The government agency set up to investigate claims of human rights abuses by Canadian companies abroad wants expanded powers, the head of the watchdog said, setting up a clash with the mining industry which has fought to limit its reach.
Canada created the office in 2018 to monitor and investigate claims of abuses by Canadian firms operating abroad. The body, which looks at the mining, energy and garment sectors, was meant to have the ability to recommend sanctions against violators, including withdrawing government export funding.
But human rights lawyers and advocacy groups have questioned whether the Canadian Ombudsperson for Responsible Enterprise (CORE) has the resources and independence needed to carry out its mandate.
Ombudswoman Sheri Meyerhoffer said she would ask the new Canadian cabinet minister overseeing the office for authority to compel documents and testimony from companies and their executives.
“We could maximize our impact if we had those powers,” she told Reuters.
Its annual budget of C$1.26 million ($948,795) funds a staff of four people, Meyerhoffer said, and a system for fielding complaints against Canadian companies will not launch until next year.

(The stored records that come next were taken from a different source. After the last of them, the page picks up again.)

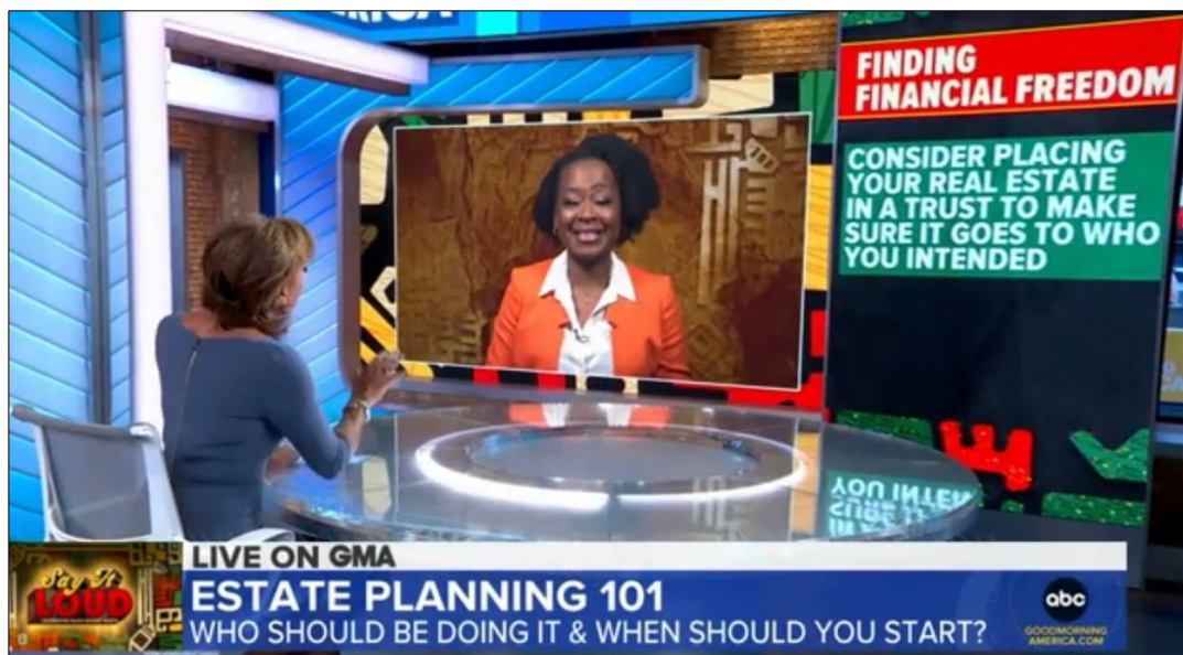
Рис. 2.1.4 Пряме включення з експерткою та задіяння додаткового екрану

у вигляді коментованого відеоряду, який супроводжувався, також, і коментарями людей, які використовують у житті елементи методик фінансового тренера. Згодом, до Робін Робертс у студію у форматі прямого включення приєдналася Лінн Річардсон. Вона є автором книги «Просте планування нерухомості». Робін задавала їй питання стосовно особливостей планування нерухомості, поради фінансової стабільності, та про те як побудувати стабільні грошові відносини в сім'ї. Інтерв'ю супроводжувалося візуальним зображенням основних тез експертки. Екран у студії був розділений на дві частини. На першій було візуальне зображення Лінн Річардсон, на другій частині текстовий перелік найважливіших положень (рис. 2.1.4).
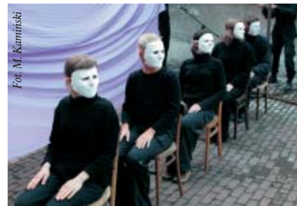
Występ Komuny Otwock
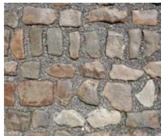
FIG. 16 Begijnhof van Diest Straatstenen die in fijn porfiergrind geplaatst worden, liggen vaster dan in straatzand. Toch moeten de voegen in en tussen rijen met kasseien in het algemeen en met kleine gepolijste vossenkopjes in het bijzonder smal zijn omdat de stenen dan stabiel liggen, niet de indruk geven in de porfiergrint te zwemmen en vooral minder hobbelig zijn, hetgeen de betreedbaarheid ten goede komt.
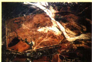
图2 辽上京遗址航拍图
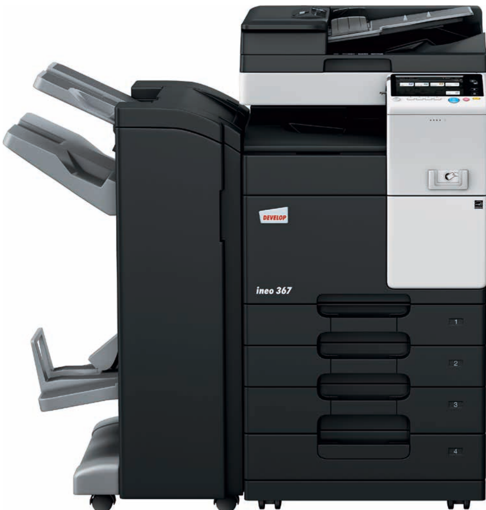
ineo 367 mit Duplex-Originalerzug (DF-628), Heft-/Broschüren-Finisher (FS-534SD), Papiereinzug (PC-213) und Montage-Kit für lokales ID-Kartenauthentifizierungsgerät (MK-735)

Jobcenter, Schulen und Universitäten, Ingenieur- und Architekturbüros, Versicherungen, Banken, Bibliotheken: Viele kleine und mittlere Unternehmen oder Organisationen brauchen oft keinen Farbdruck. Was die Nutzer dort wirklich brauchen, ist ein Schwarzweiß-Multifunktionsgerät, das intuitiv bedienbar ist und einfache mobile Nutzung für die steigende Zahl der mobilen Büroangestellten bietet.
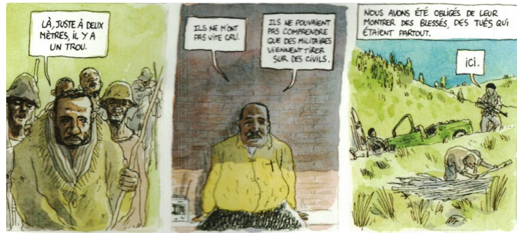
Figure 5 : Hippolyte et Patrick de Saint-Exupéry, La Fantaisie des dieux , p. 53
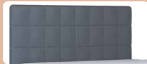
KT 0046 S / M / L / XL, Höhe ca. 99 / 109 / 119 / 129 cm

Das Polsterbett-System MONDO Luvara verfügt über vielfältige Gestaltungsmöglichkeiten. Aus einem Baukastensystem mit 8 Kopfteil-Varianten, 4 Bettkastenformen und 9 Fußformen können Sie unmittelbar die Optik Ihres Wunschbettes bestimmen. Darüber hinaus entscheiden Sie über die Größe und Höhe, alles ist möglich. Auch für den Bezug steht Ihnen eine umfangreiche Auswahl zur Verfügung. Das Bett ist sowohl in Stoff als auch in einer Lederalternative und in vielen attraktiven Farben lieferbar.
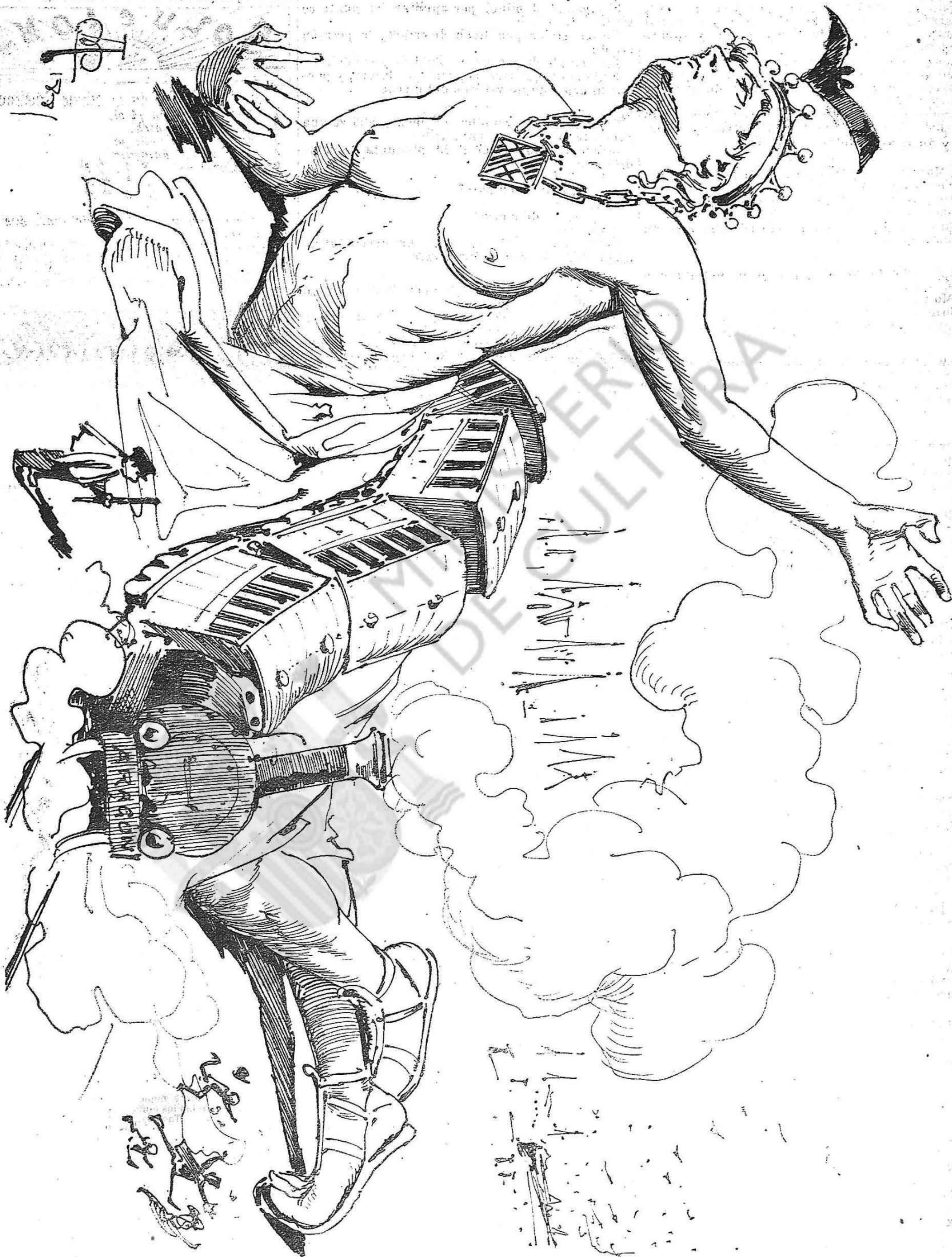
!Partida per la meytati!
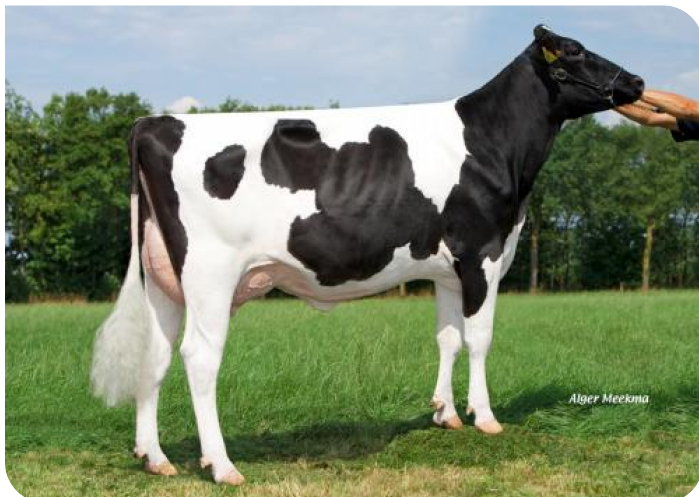
Grashoek Vrije Tulp 30 (v. Profile)

Eig.: Melkveebedrijf Grashoek b.v., Grashoek
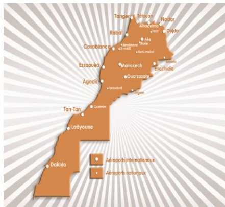
Aéroports du Maroc
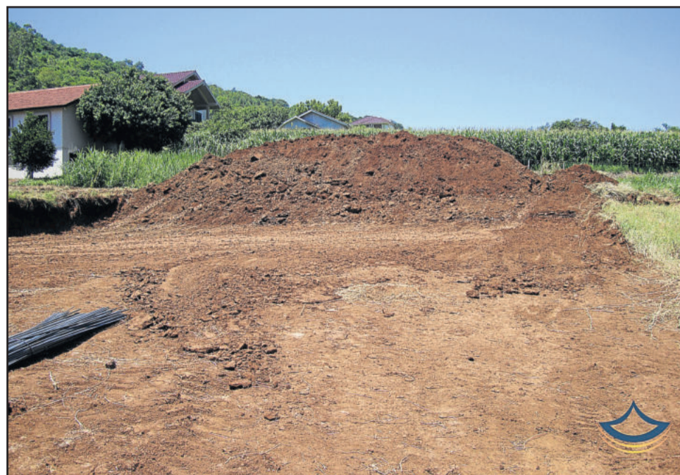
Nas próximas edições de terças-feiras, a Folha Popular vai acompanhar todas as etapas de construção de uma casa: a obra desde o seu início até a finalização
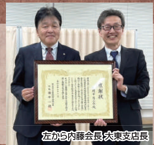
左から内藤会長 大東支店長

マル経融資とは、昭和48年10月から商工会・商工会議所などの経営指導を金融面から補完し小規模事業者の経営改善を促進する目的として創設された、無担保・無保証人で利用できる融資制度です。
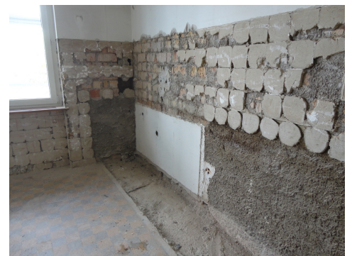
Les «plots de mortier» sont généralement considérés comme non amiantés, selon l'état actuel des connaissances; il n'est donc pas nécessaire de prélever des échantillons.
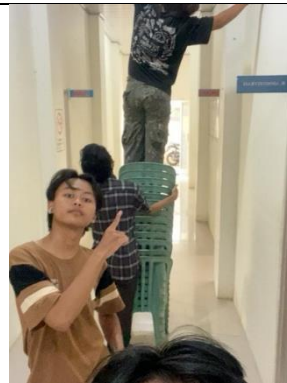
Kegiatan menghias kantor kelurahan acara 17 Agustus-an

Budget documents show Canada started funding the watchdog in 2017-18 and then scaled up, with a total allocation of $6.8 million over six years. A government spokeswoman would not say if the mandate would be broadened.
Meyerhoffer’s remarks came after an ambush on Canadian miner Semafo Inc. workers’ convoy in Burkina Faso that left 39 dead. The workers had demanded safer travel arrangements in the months before the attack.
Meyerhoffer declined to comment directly on the case but said that her office would assess any complaints against Semafo should they come forward.
Canadian miners oppose the appeal for expanded powers and have lobbied against having a quasi-judicial office.
“We don’t agree that the design of an office along those lines would achieve the objectives that it’s supposed to achieve,” said Pierre Gratton, president of the Mining Association of Canada.
Non-government groups have for years called for greater oversight of Canadian mining companies abroad following a number of environmental incidents and accusations of human rights abuses, including that of forced labour at Canadian miner Nevsun Resources Ltd’s mine in Eritrea.
Nevsun, bought last year by China’s Zijin Mining Group Co Ltd, has denied the allegations.
Another case, against Hudbay Minerals Inc over alleged abuses in Guatemala, is at trial.
The CORE was meant to offer a cheaper and potentially faster alternative to provide redress for alleged harms.
Prime Minister Justin Trudeau’s government appointed Meyerhoffer, a lawyer and former oil lobbyist, to the role in April. The office has yet to take on a single case.
The watchdog “relies on companies’ goodwill to voluntarily provide information that it requires in order to do an investigation,” said Emily Dwyer, coordinator of the Canadian Network on Corporate Accountability.
“It has not been given the basic, minimum kind of mandate and tools that it would need to have any effect,” she said.